I noticed part of the scrawl on the bottom plate includes the "fuse rating". I hope the new owner doesn't run with 200.


----------



## rape_ape

StockA4 said:


> I noticed part of the scrawl on the bottom plate includes the "fuse rating". I hope the new owner doesn't run with 200.


He'd need at least that much to hope to get 1800w out of it. More like about 225 at 60% efficiency.


----------



## StockA4

I think that's why there aren't many of these left. Because people got some of the numbers on the manual confused with reality.


----------



## rape_ape

StockA4 said:


> I think that's why there aren't many of these left. Because people got some of the numbers on the manual confused with reality.
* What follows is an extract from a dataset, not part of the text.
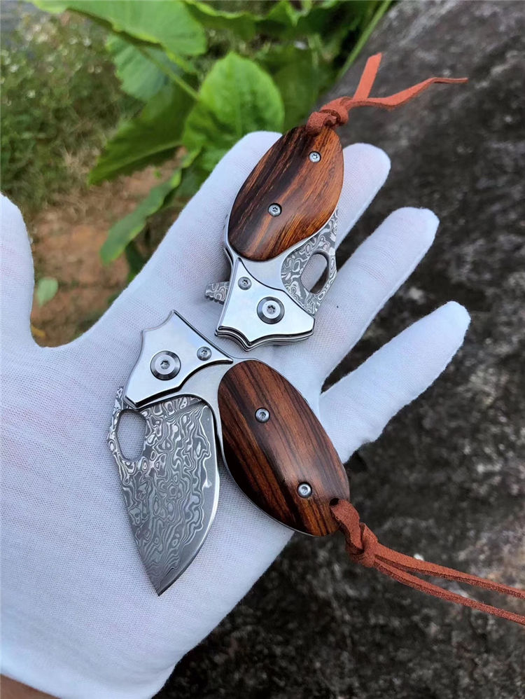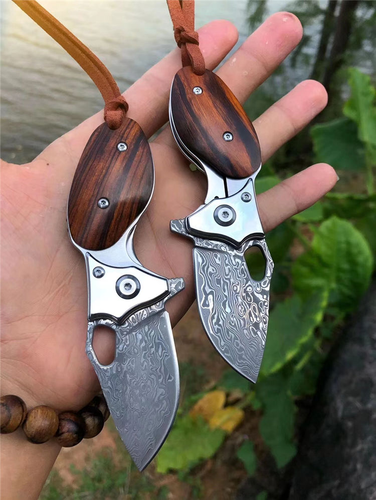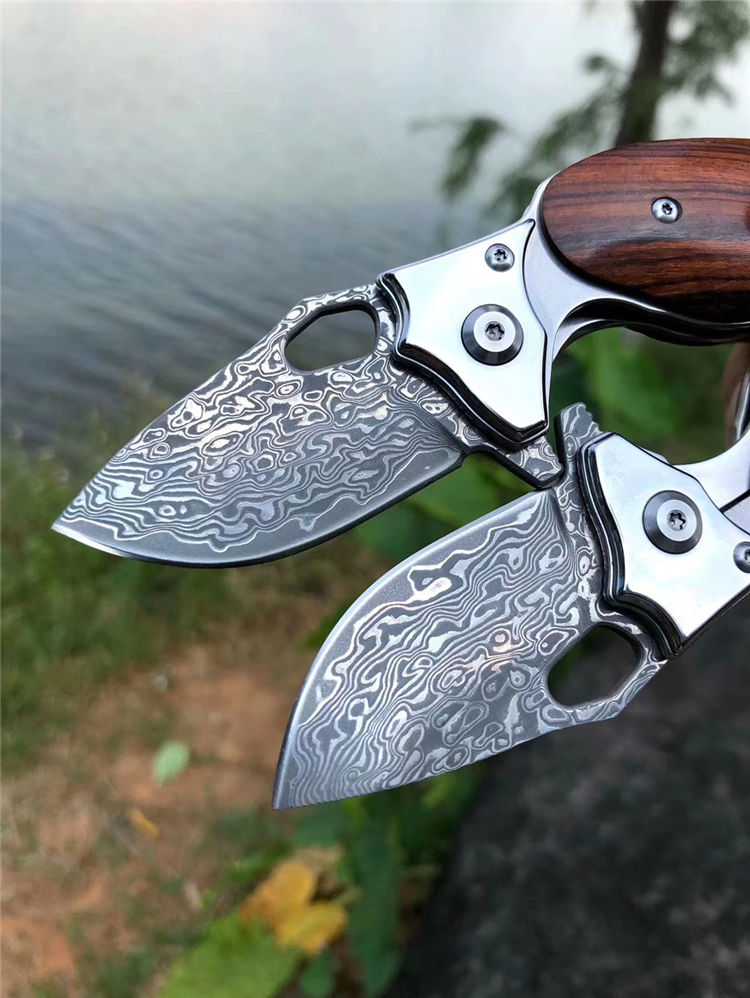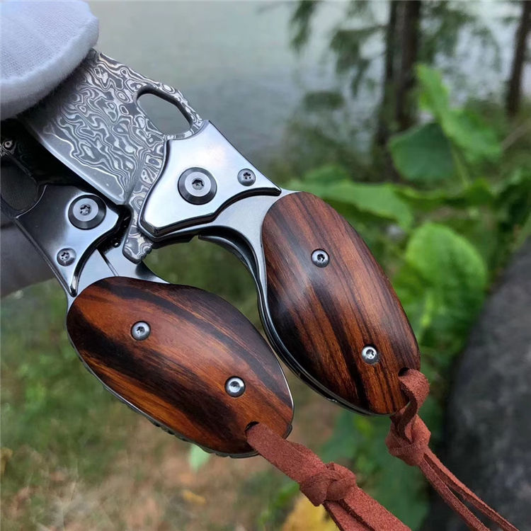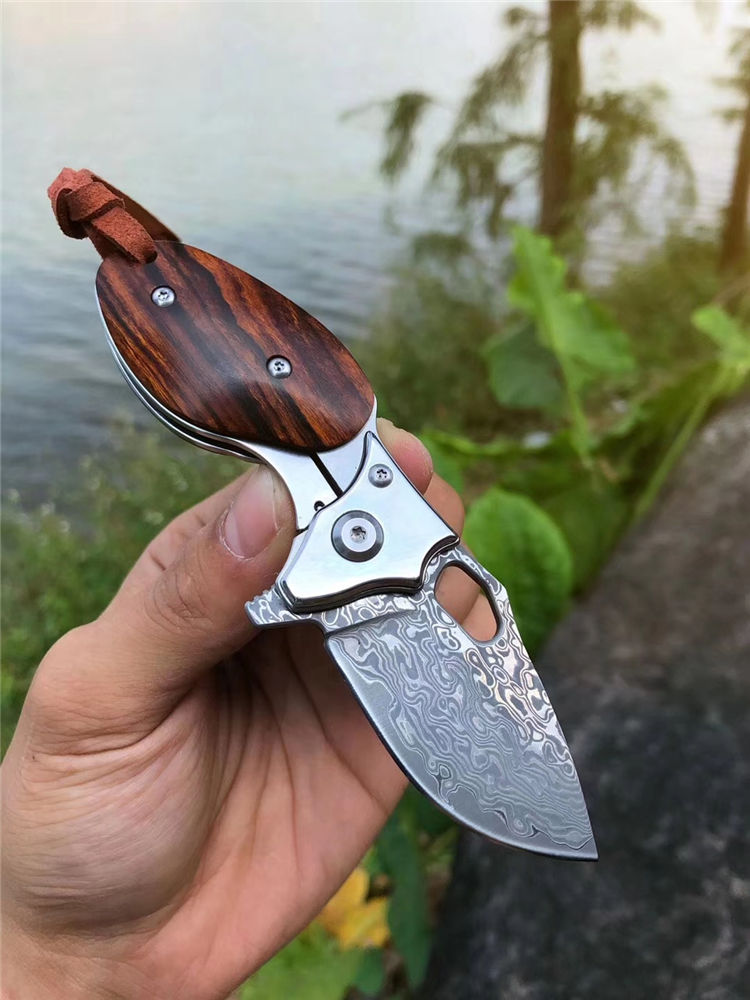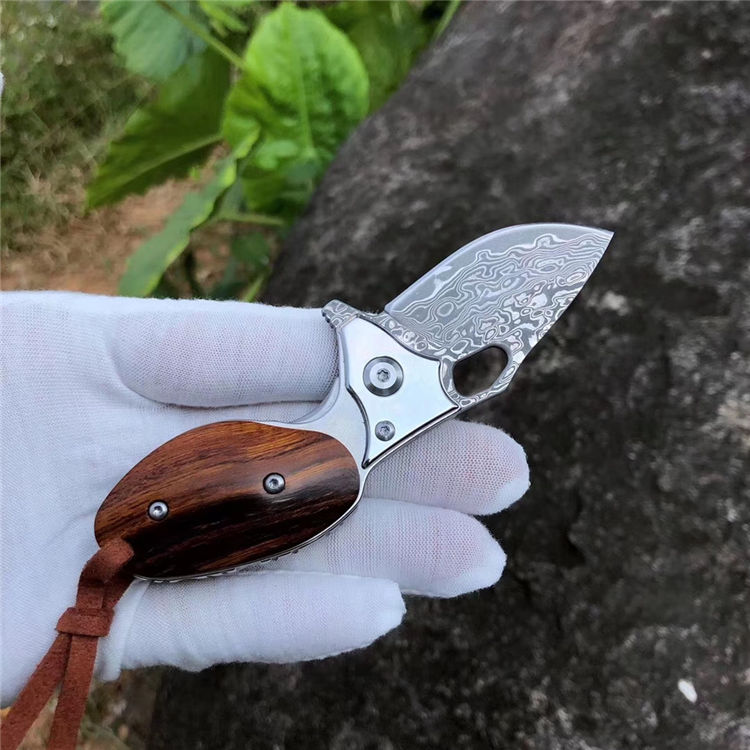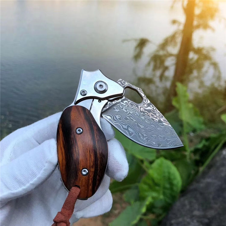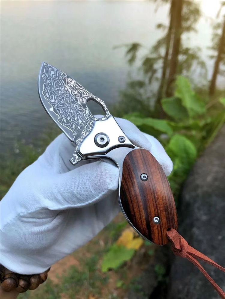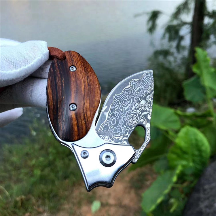 大马士革沼泽鼠快开折刀 总长:12.5cm 刃长:5cm 柄长:7.5cm 刃宽:3cm 刃厚:2.8cm 刃材:进口锻造大马士革VG10钢 硬度:60HRC,真空深冷热处理 柄材:进口美国沙铁木 内部结构:滚珠轴承快开 包装:原出口黑色小盒装

If that was true, you'd lose about 75% of today's amplifier market overnight.


----------



## dman

The guy originally posted it for $4000, i laughed myself to death almost

Now $2000, Im still laughing.... 

Sick and tired of people listing these amps with the ratings they do.. the amp will not do 1 ohm mono.... and will never do what manual says.. It was a marketing ploy to piss of IASCA is all... and got blown out of proportion, and most of the amps ended up on boot hill because of this.. The newbie guys buying and blowing up.. and yes, was a orion competitor, dealer, and rep car builder.... and ive posted numerous times the values of the amps and what they are and are not capable of.. I can promise you they didnt test this amp @ 1 ohm, and it didnt do 1800watts.. damn idiots in the car audio world!!!


----------



## StockA4

rape_ape said:


> If that was true, you'd lose about 75% of today's amplifier market overnight.


I hear what youre saying, and it makes sense. But I was only talking about these.


----------



## dman

StockA4 said:


> I hear what youre saying, and it makes sense. But I was only talking about these.


yes, people actually thought 1w made all this power.. It was a joke gone bad is all, lol..... But Orion proved the point enough, rules changed..


----------